But I’m a glass-half-full kind of guy, and I figured even though he missed a lot—graduations, weddings, the birth of a grandchild—he did more before forty than most guys did by the time they were eighty. He created a company and a family. He rang the bell at the stock exchange. A theater at a private high school bore his name.
(Though that was because my brother accidentally torched the old one while installing an unauthorized “upgrade” to the lighting system.)
And my dad found true love.
Which was more than I’d done by thirty-two.
I glanced down at my half-full glass of heart-healthy red wine. The Rolex Submariner that peeked out of my Brooks Brothers shirt sleeve. My own lanky frame, kept fit with daily runs and weekend soccer.
Was it worth it, prolonging my lonely life?
Shit, that was dark. And I was never dark.

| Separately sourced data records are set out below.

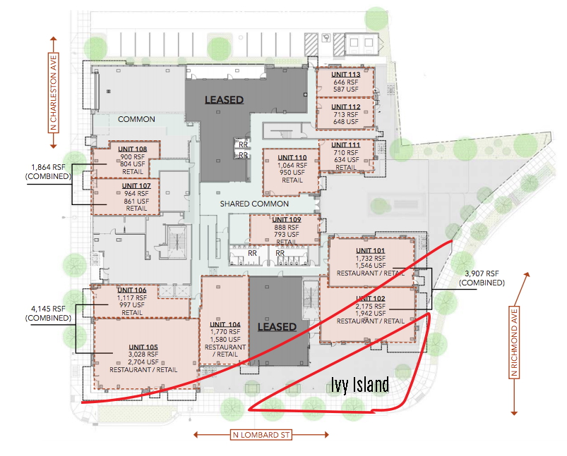 This realignment referenced the “preferred option” out of three proposed in the SJLP (see Figure 1). The intention was for this corner plaza to create a new gateway that would replace Ivy Island, while maintaining roughly the same amount of public space. However, in addition to the public plaza on the corner, the new design also extended the footprint of the building well into what was currently public right-of way, which was a departure from the SJLP’s recommendation. Since it was a project by a private developer, there was no public design input opportunity or process (Lynsky 2017).
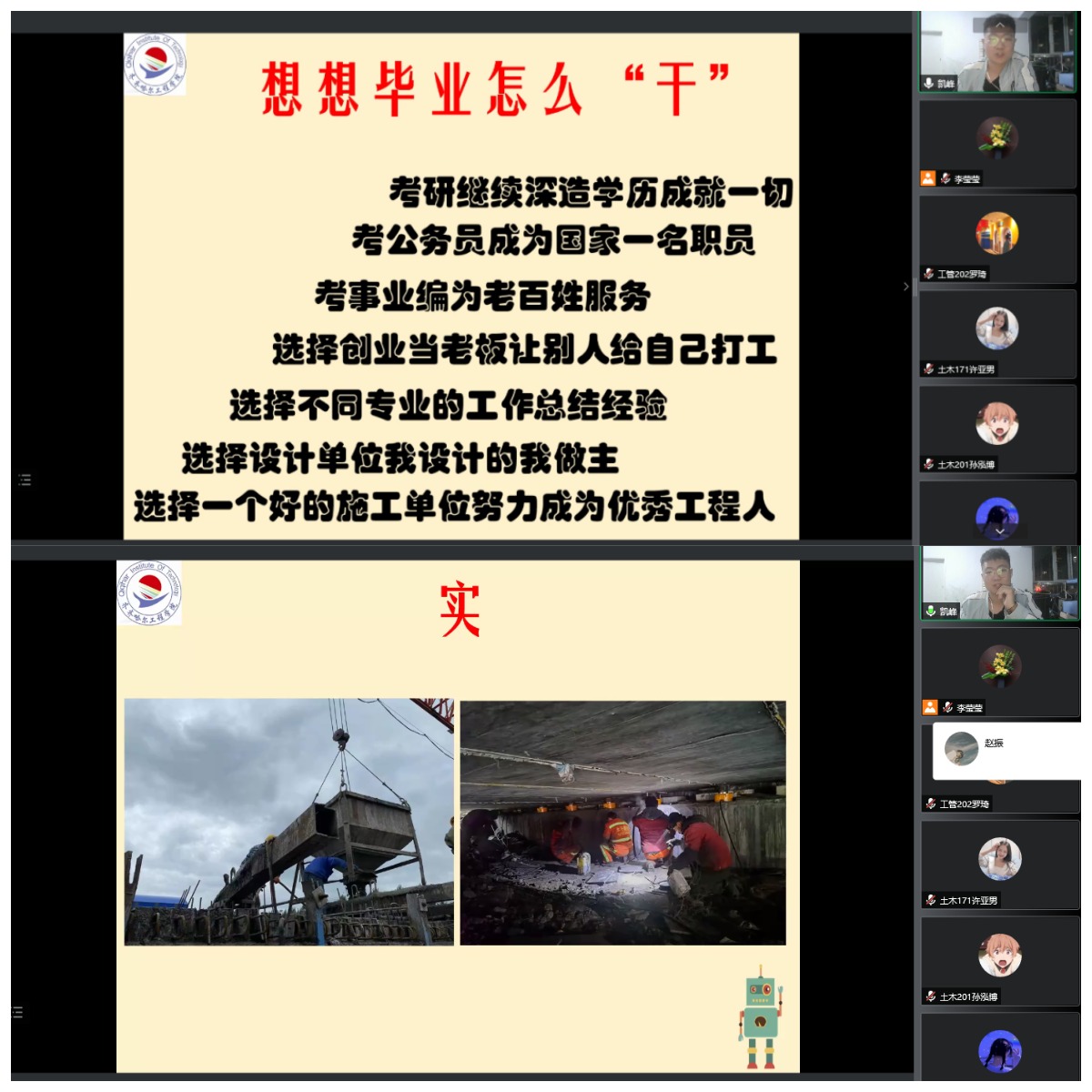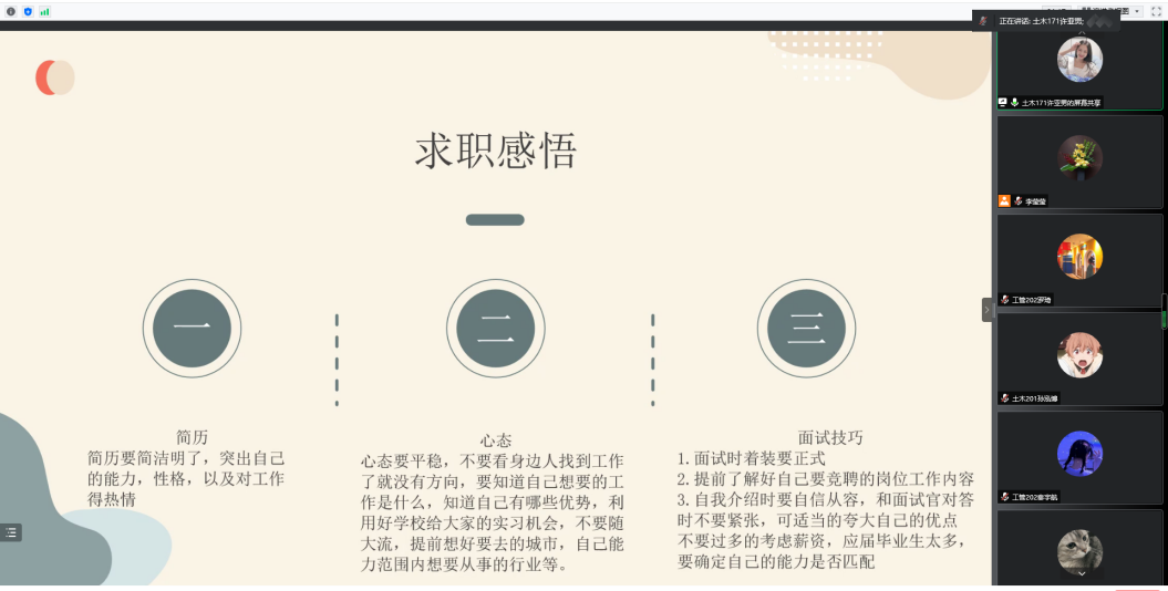 2022年5月13日晚,建筑工程系生涯导师李莹莹、李月凤、张怡邀请土木工程专业2021届毕业生许亚男、尤凯峰利用腾讯会议进行了校友经验分享会。会议由李莹莹主持,土木工程专业、工程管理专业、风景园林专业40余名学生参加。
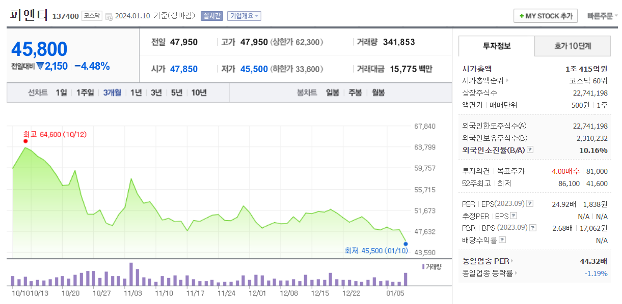피엔티 주식 결론
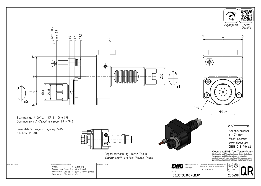 50.3016G300RLI13V — Ax. drill. and mill. head offset, For collet 160 426E (ER16 Ø1-10), single groove coupling drive, External coolant supply, i =1:3 direction of rotation inver., V — Plate( Licence INDEX ),
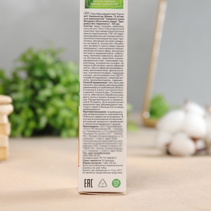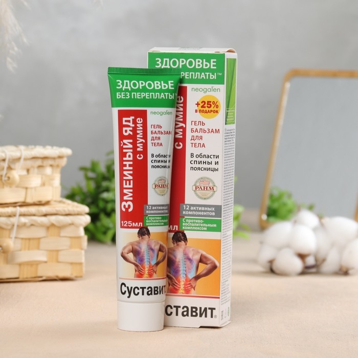 Гель-бальзам для тела "Суставит Змеиный яд" с мумием, 125 мл
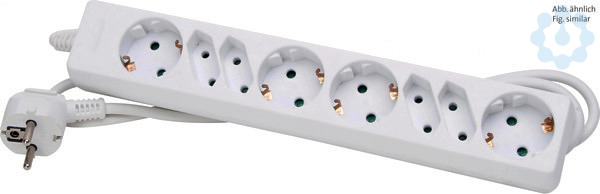 4+4fach Steckdosenleiste, mit vier Euro-und vier Schutzkontaktsteckdosen, mit 45° gedrehten Töpfen, mit erhöhtem Berührungsschutz, Zuleitung H05VV-F3G,5mm², 1,4m, 16A, 250V~, Farbe: arktisweiß
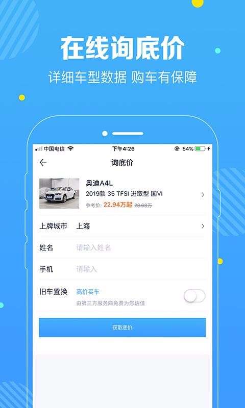 选择要购买的汽车型号,应用程序将为您提供汽车的最新报价信息;

I stared through the enormous windows of the luxurious hotel bar to the dramatic rocky Monterey shore.
Considering the privilege of that view, a stable job, and a comfortable condo in San Francisco, anyone would call me a lucky guy.
A dark-haired woman passed me at a fast clip. “Fucking garbage,” she muttered. “Treat him like a god, my ass.” I watched her beeline to the bar. She was pretty despite her scarily steely expression. A few years older than me. Maybe that was how she knew what she wanted. Or didn’t want, I guess.
Me? I had all the things a guy my age should want. But something was missing. And I had no clue what it was.
My own company? No, thank you. Even as a teenager, I’d been aware of how much stress that caused my dad. I preferred to work for someone else. Less pressure, almost as lucrative. Instead of hustling on the weekends, I played recreational soccer at Golden Gate Park.
Marriage and kids? Pass. Dad worked his ass off to support four kids and our mother. And when he died, he left me the responsibility of my two little sisters and my grieving mother. Been there, done that, not interested.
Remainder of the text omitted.